You can't tell me that i think that severly disabled people can't contribute anything good because you don't know what a good contribution is, this is what you admitted, also there's a big difference between a 'good' contribution and 'something' to contribute. Perhaps this is my fault for taking your words literally as they are written (i'm not being sarcastic or anything). You said all that stuff about 'a good contribution' then said disabled people can contribute 'something' but that could apply to anyone, even bad people, bad people create lots of jobs, such as the police, victim support etc etc.
Agh… you're just trying to point out mistakes that don't even relate to what I'm saying.
I'm 'contradicting' myself because good and bad only exist as relative concepts, and in order to talk about them I have to assume that you understand that I'm adopting a certain viewpoint when discussing them. When I said that disabled people can make 'good' things, I meant that some people might consider them to be as such. Other people, people in general, not me. I was actually humoring you even when it sort of detracts from my original argument. I said 'contribute to society' but that was a mistake-- sort of like when your brain completes ideas with cliches because you're so used to saying that kind of shit that you forget to stop yourself and lose track of what you're saying. I don't think that society is in tune with nature. And I don't think that nature believes in good and evil.
I don't really care about society because I don't think that anyone really believes in it anymore anyways, and if they do, it's usually because they're naive. I also don't think that contributing to it or not contributing to it makes much of a difference or is important, unless it's a massive sweeping reform that somehow occurs before we destroy ourselves, and somehow manages to reverse everything back to a point where it's sustainable and possible to live harmonious with nature... but even then, I think at this point we're all pretty much doomed anyways. At some point, we're all going to have to get a lot less compassionate in order to survive-- it's already happening anyways, but it's eventually going to get so desperate that there won't be any time or energy left to help the weak… and they'll kill themselves or die off and nobody will care.
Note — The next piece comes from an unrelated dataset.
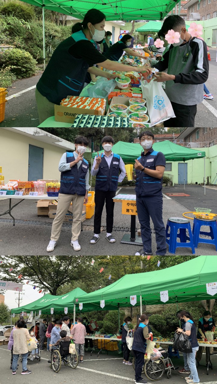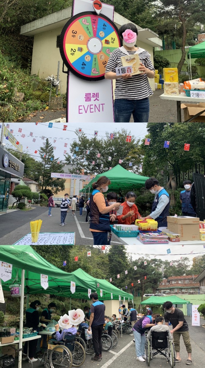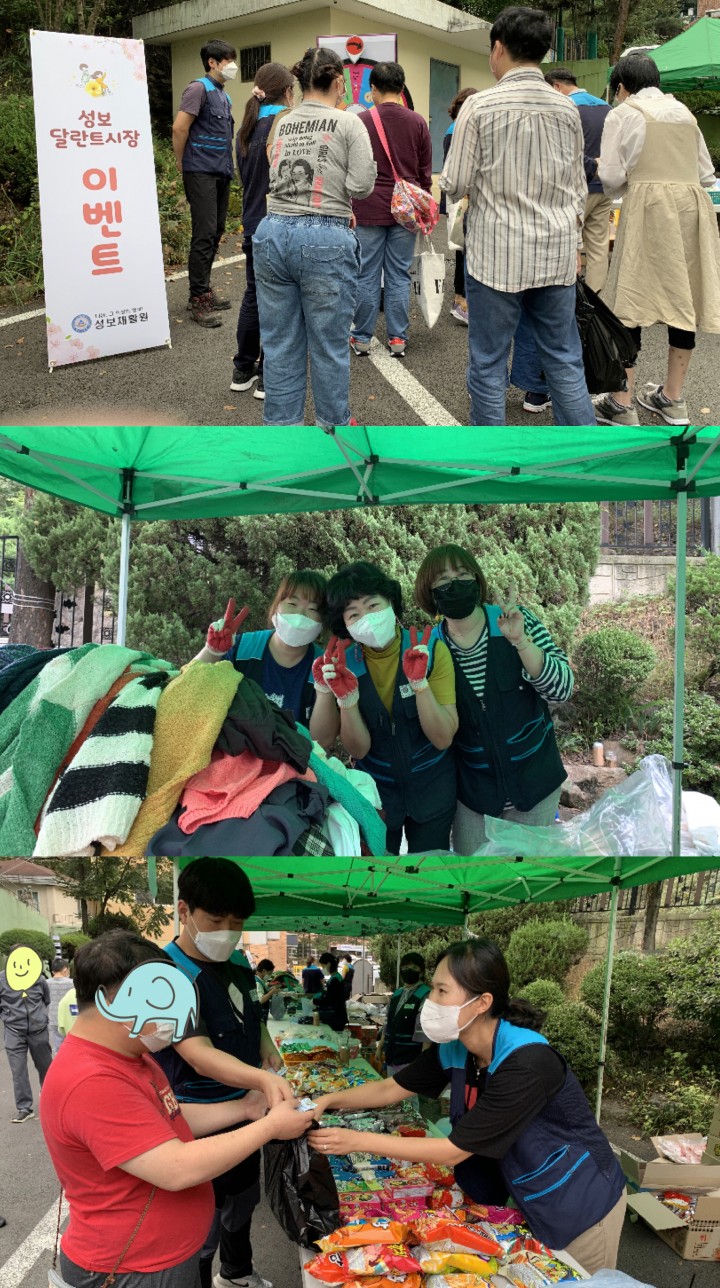 2021년 성보재활원 달란트 시장 행사 담당자 0 3002 2021.10.23 10:35 푸른 가을 하늘아래. 성보재활원에서 달란트 시장이 열렸습니다.코로나19로 적막했던 성보재활원에 사람들로 북적이며 오랜만에 활기찬 모습을 보였습니다.내년에는 마스크 벗GO 만나요 ! ❤- 일 시 : 2021년 10월 15일 (금)- 장 소 : 성보재활원 앞마당- 참여자 : 성보재활원 이용자 및 직원- 지원팀 : 사회재활팀, 생활재활팀, 기획행정팀* 코로나19 예방수칙 및 거리두기를 지키며 행사를 진행함.

Actually, it will be a relief.
So whatever, I don't really think that someone who contributes a lot is any different from someone who doesn't. But if it makes someone feel special that they can do something, then I guess that's their thing and I'm not going to waste any time or energy or thought trying to tear it down. Again, I don't really care. I don't identify with that sort of thing at all.
I still feel things that other people feel but I also don't really connect with that because I know that it doesn't really matter and that it isn't who I am or what I belong to.
I would fight for that person's life to the end and never give up. I would never not care. On the other hand, I have lots of people that hope and wish I wasn't here and would be gone. That's why I'm on here. No one gives a @#$% about me.
Like you I am disappointed with how the world has turned out and how manipulated we have been and how its all about sucking the life out of us, the minions, in small doses. Older people have a different perception of how society works and I cant fathom out if they were just conned in a better way and if it is some of us that are waking up to reality OR if life was indeed simpler where honest people had prominent positions and made things more palpable.
Its ridiculous to say that we are all special and contribute to society, we may be different but not special that’s a children’s fantasy that has no value in todasy world. 99% of us are completely expendable but even if your not special it does not mean that you cant do something special or represent something special to someone. Its all about perception and scale.